Periode rambut kini sudah nyaris selesai. Ia mulai periodisasi tema baru dalam karya seninya, yaitu pulung gantung. Pulung gantung adalah kepercayaan yang sampai kini masih dianut sebagian masyarakat Gunungkidul tentang ”tradisi” bunuh diri dengan cara menggantung. Figur perempuan desa tampak menonjol dalam karya-karyanya.

Menurut Ivan periodisasi tema pada karyanya tidak dibatasi secara kaku oleh waktu. Tidak serta-merta ketika periode tersebut selesai, kemudian beralih ke yang lain.
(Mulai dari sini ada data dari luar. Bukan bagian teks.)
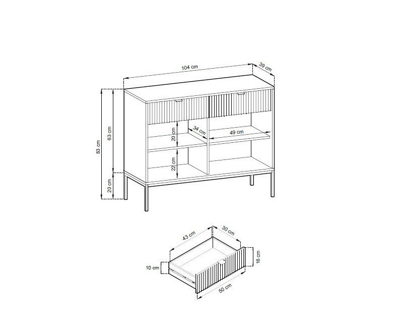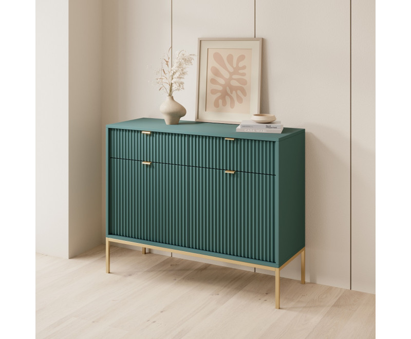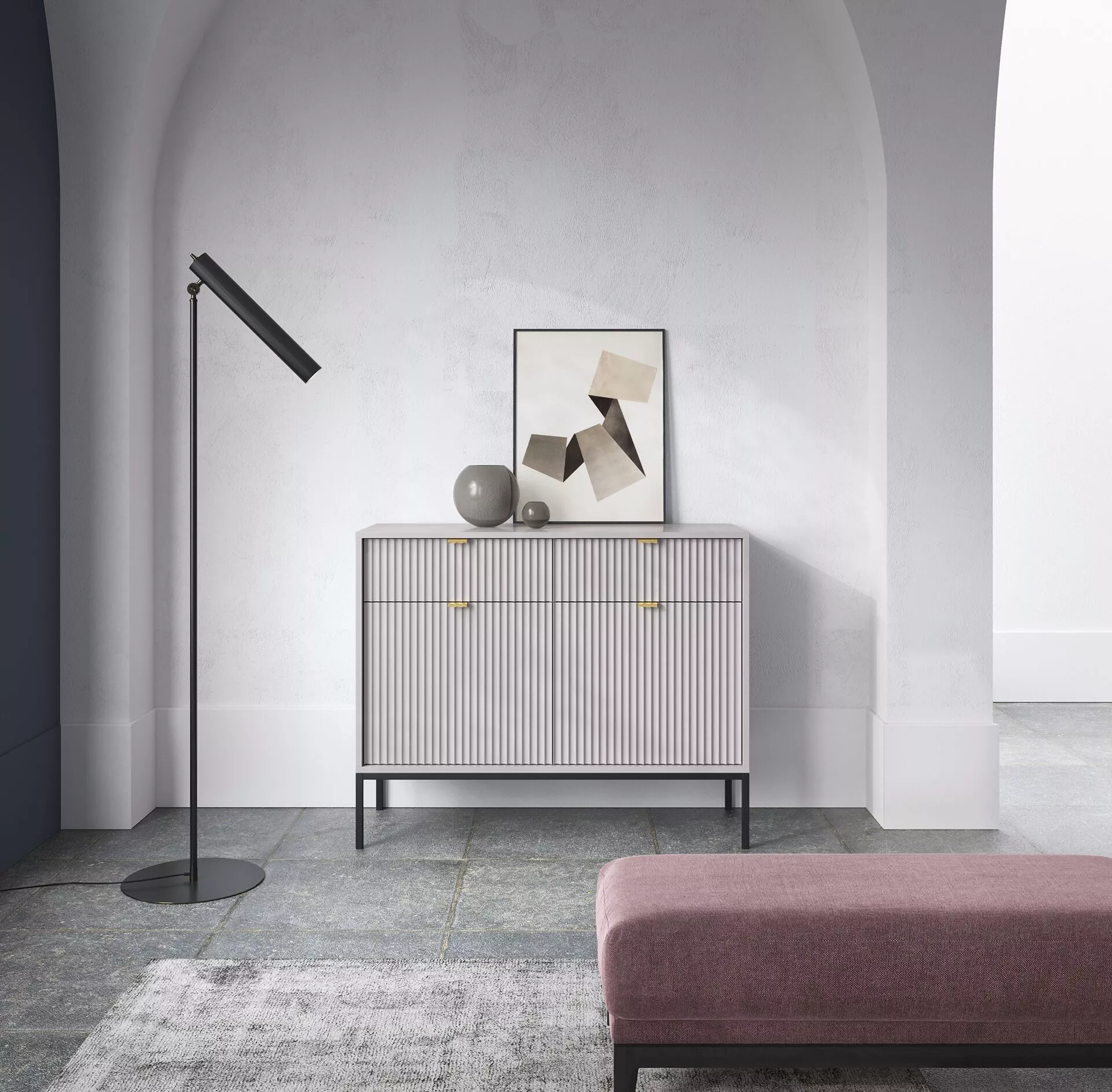 Specyfikacja komody obejmuje korpusy i fronty w kolorach czarnym, jasnym szarym i białym. Do wyboru jest również stelaż w złotym lub czarnym kolorze, pozwalając dopasować komodę do swojego stylu. Fronty wykonane są z ryflowanego MDF-u o grubości 18 mm, a okleina ABS oraz solidna płyta wiórowa zapewniają trwałość i wytrzymałość.

Pada periode rambut misalnya, ia masih melukis dengan tema gendongan.

Suatu karya, menurut Ivan, tidak harus selalu rasional, tapi lebih banyak mendasarkan pada intuisi. Sesuatu yang tiba-tiba datang, bahkan tanpa diundang.

Menurutnya, pemaknaan terhadap sesuatu yang membuatnya tertarik untuk melukis lebih banyak hal yang bersifat personal. Terkait dengan pengalaman pribadi. Hal-hal personal tersebut, ia visualisasikan dalam karya seni dengan simbol-simbol yang bersifat umum, hingga tidak mengherankan terjadi pergeseran persepsi ketika orang lain melihatnya.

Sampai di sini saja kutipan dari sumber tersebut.